*** Opening of DATA LISTING ***
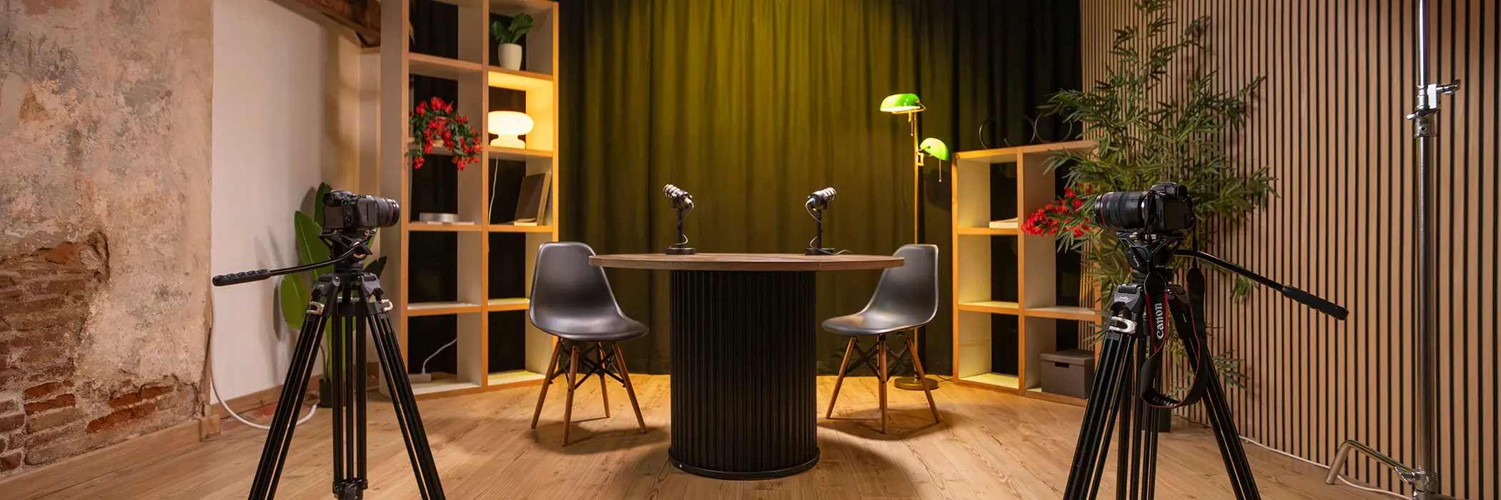 Contamos con varios sets de grabación y ambientes que permiten crear atmósferas variadas: desde espacios más sobrios y profesionales hasta entornos más cálidos, creativos o informales. Esto nos permite adaptarnos tanto a podcasts corporativos como a proyectos personales, divulgativos o de marca.
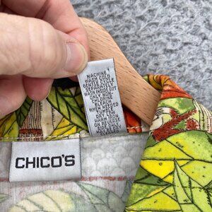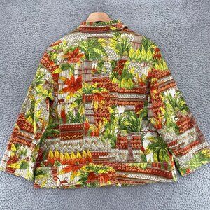 Chicos Jacket Womens 2 US Large Green Orange Tropical Hidden Monkey Twill Button
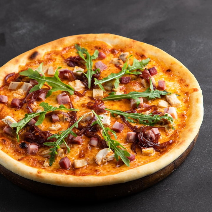 BBQ (томатный соус, курица, говяжья ветчина, карамелизированный лук, сыр, руккола)
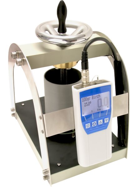 Measuring Range: 15 - 60% The Humimeter BLH Moisture Meter for Wood Shavings is specifically designed for the accurate measurement of Moisture Content of wood shavings. The BLH provides a measuring resolution of 0.1% and is supplied with five (5) built in calibrations for the following species of wood types: Beech, Birch, Spruce, Pine, Poplar and Oak. The Humimeter BLH Moisture Meter for Wood Shavings is supplied with built-in memory for 10,000 values and features automatic temperature compensation for the highest possible accuracy. It also includes USB Output and is supplied with a data transfer cable and free PC-Software. A hand-wheel system is provided to compress the 400 ml sample into the measuring container to get highly repeatable results which is shown on the over-sized LED display in seconds. The BLH is battery powered using four (4) AA-Batteries providing maximum convenience and portability for use everywhere. It is constructed for trouble-free use even in the toughest field applications.
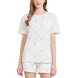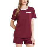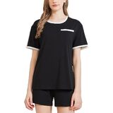 Two-piece pjs sets: Relaxed-fit pajama set is available in solid colors and cute prints. The sleep shirt features a round collar and a chest pocket, while the shorts have a stretchy elastic waistband and two deep side pockets for added functionality
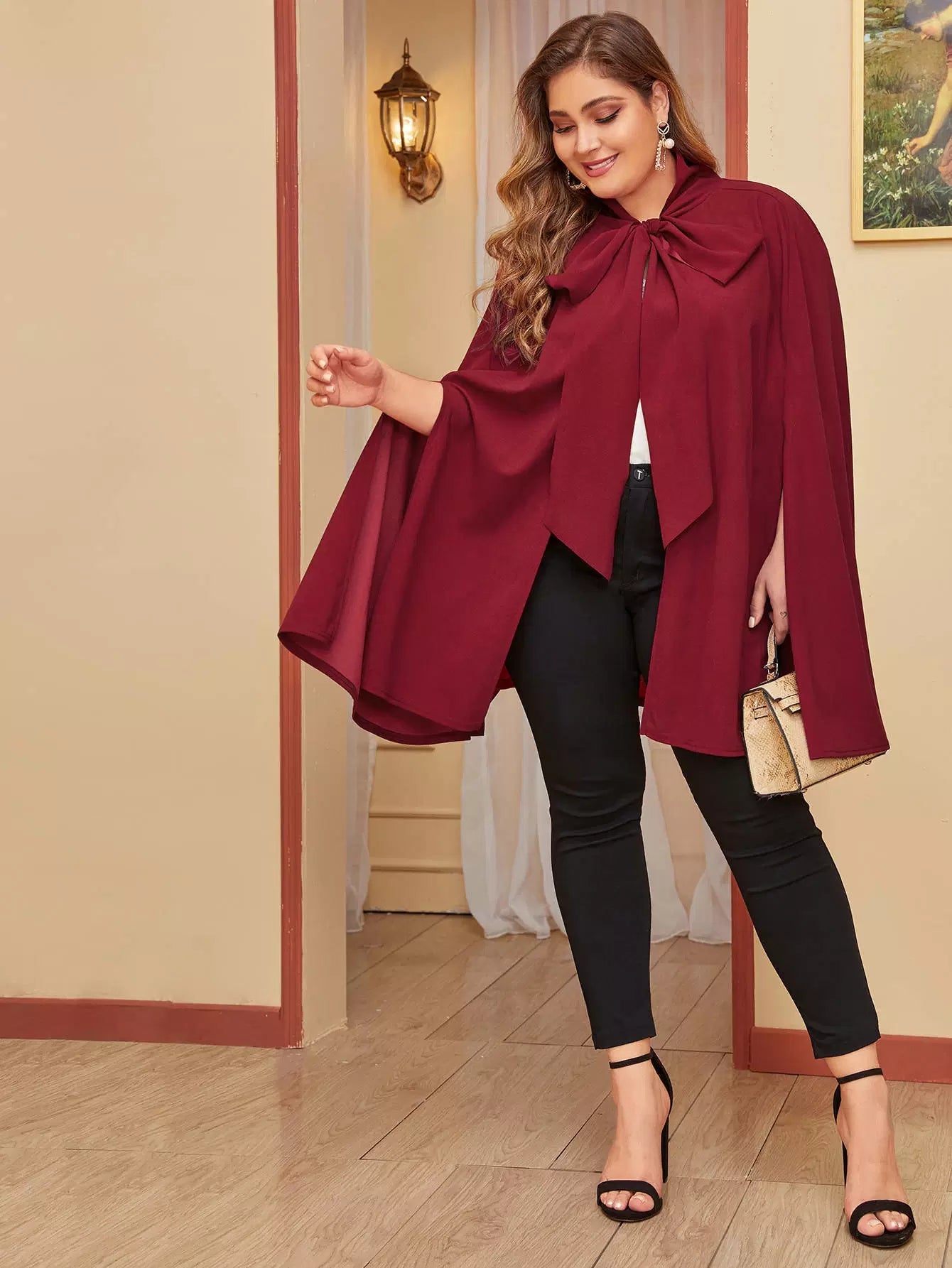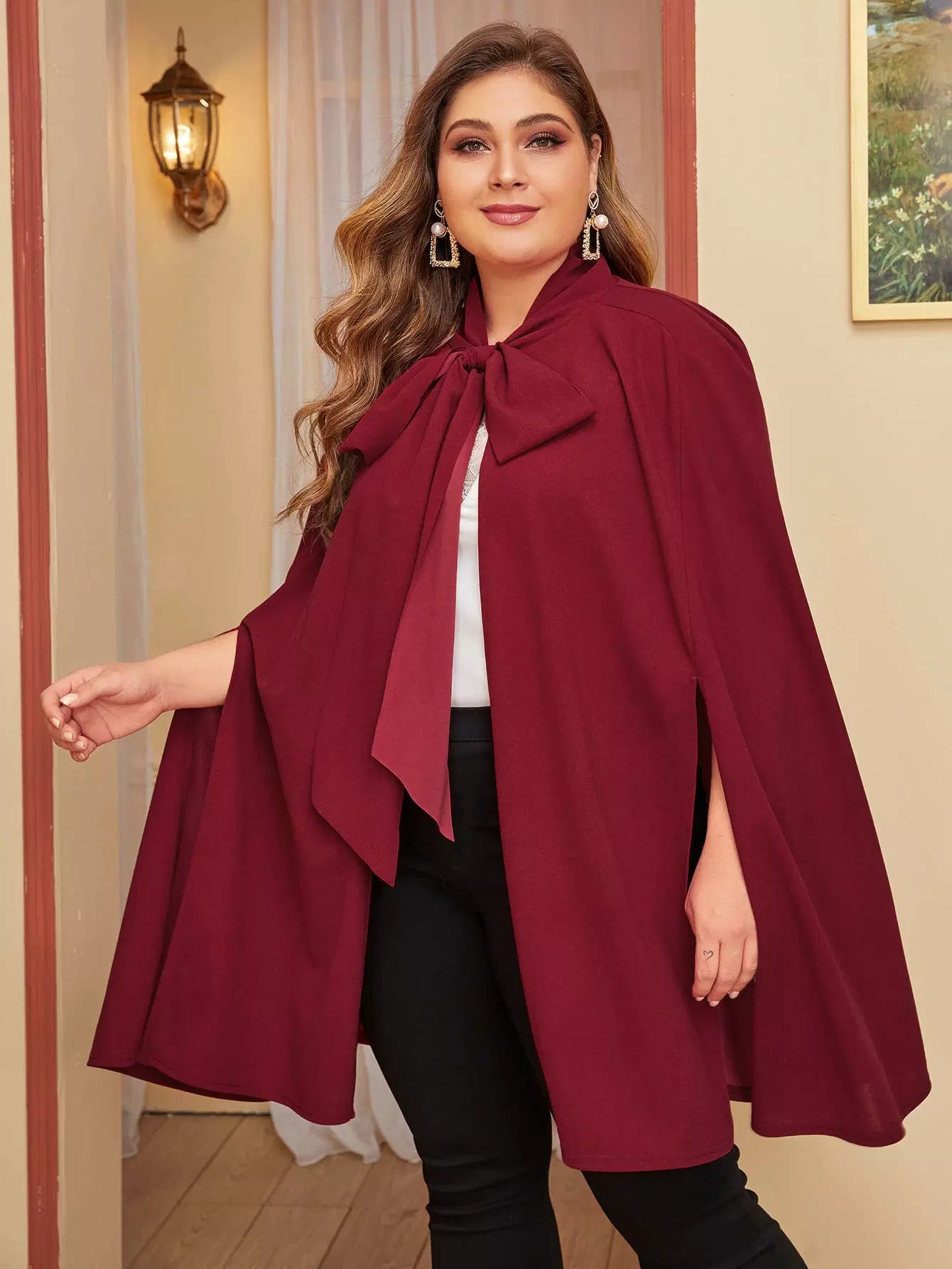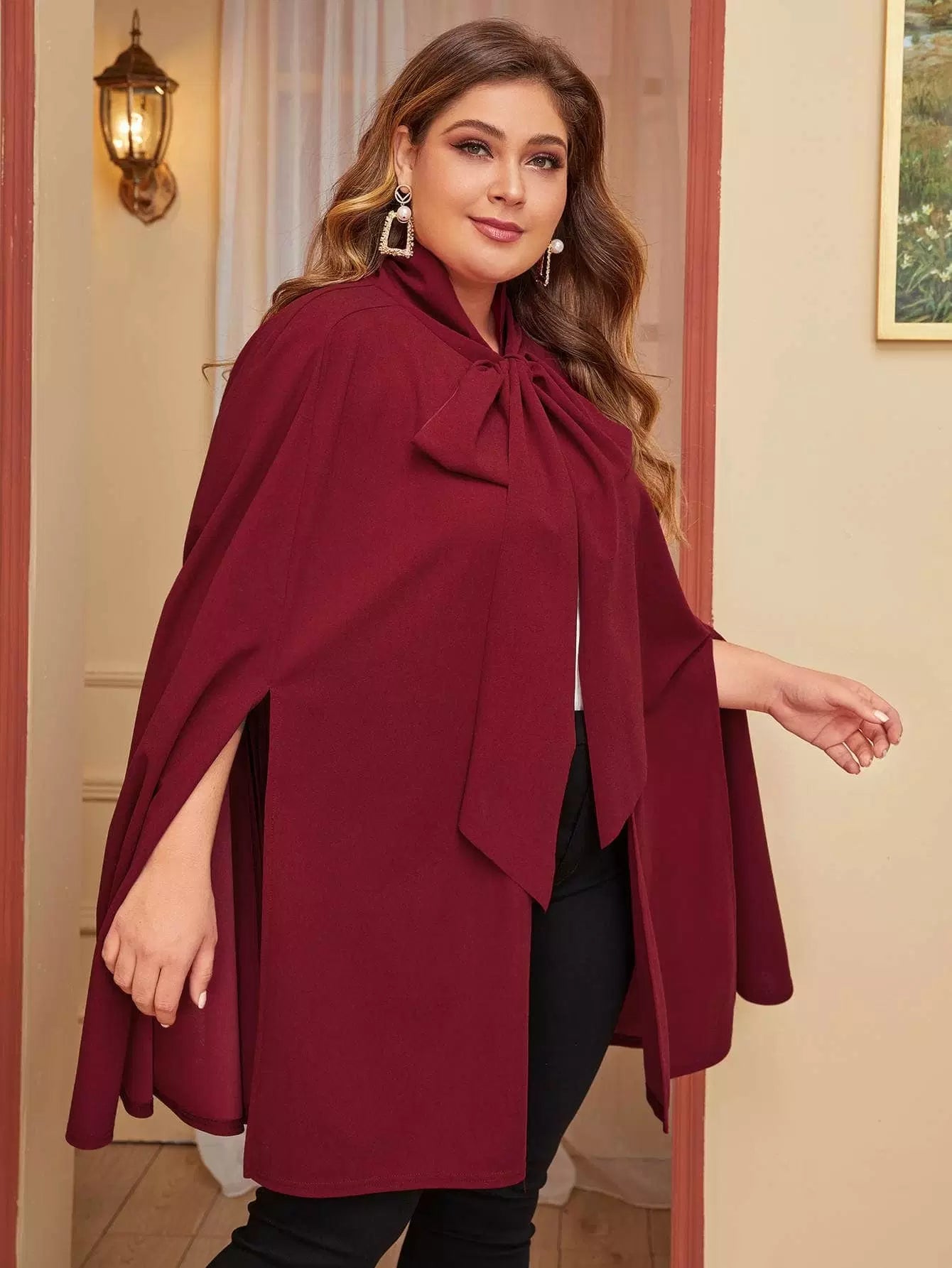 Plus Tie Neck Cape Coat
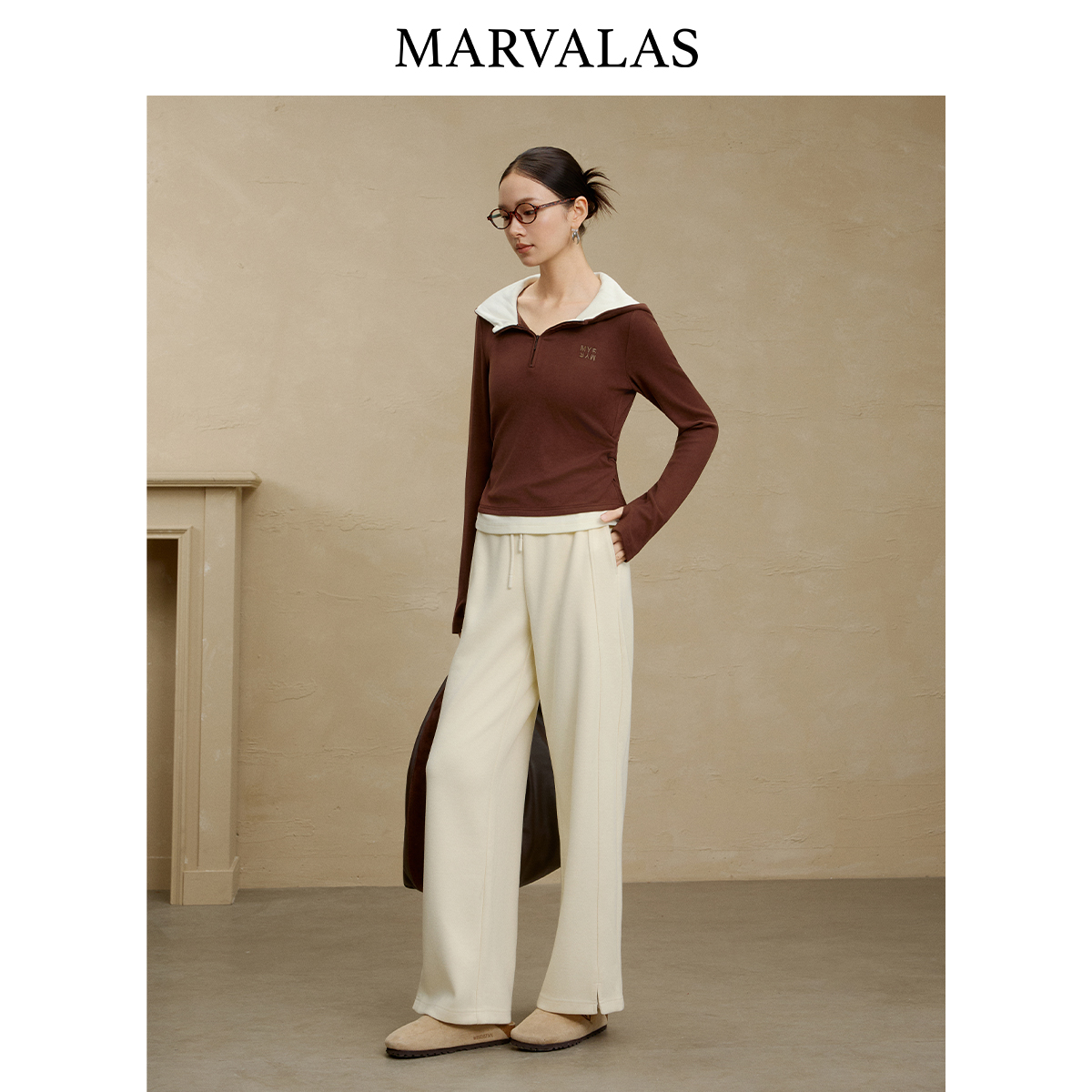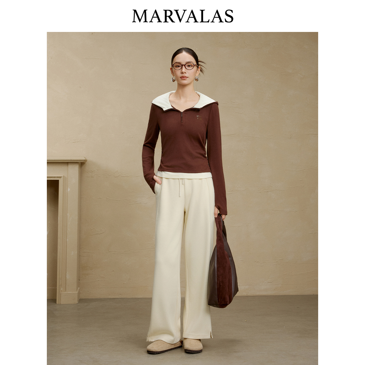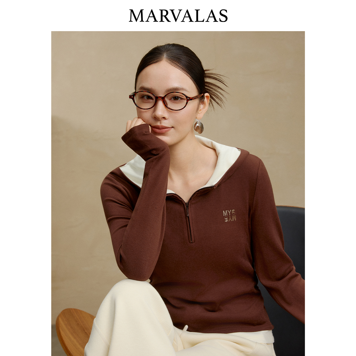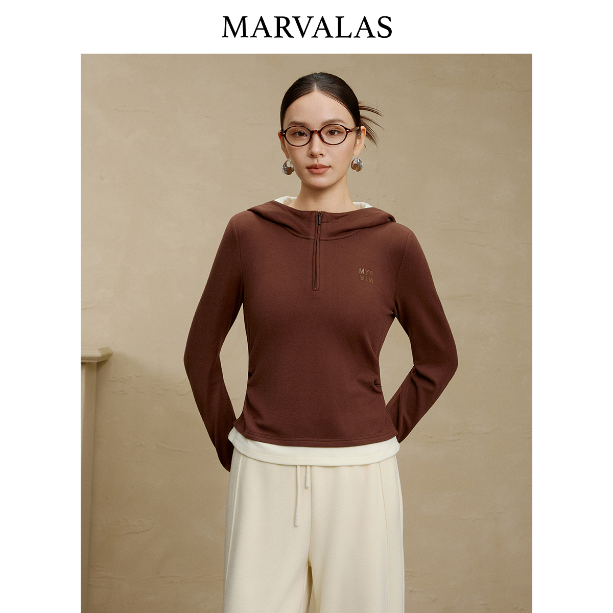 百搭上衣修身 时尚 针织卫衣外套 新款 曼德诗拼色连帽卫衣女2025冬季
*** Close of DATA LISTING ***
● DIRECTIONS: Please transcribe exactly the lines from the one that contains "Two-piece pjs sets: Relaxed-fit" through the closing line of the entries, with no pictures.

● SOLUTION FOR THIS PROBLEM:
 Two-piece pjs sets: Relaxed-fit pajama set is available in solid colors and cute prints. The sleep shirt features a round collar and a chest pocket, while the shorts have a stretchy elastic waistband and two deep side pockets for added functionality
 Plus Tie Neck Cape Coat
 百搭上衣修身 时尚 针织卫衣外套 新款 曼德诗拼色连帽卫衣女2025冬季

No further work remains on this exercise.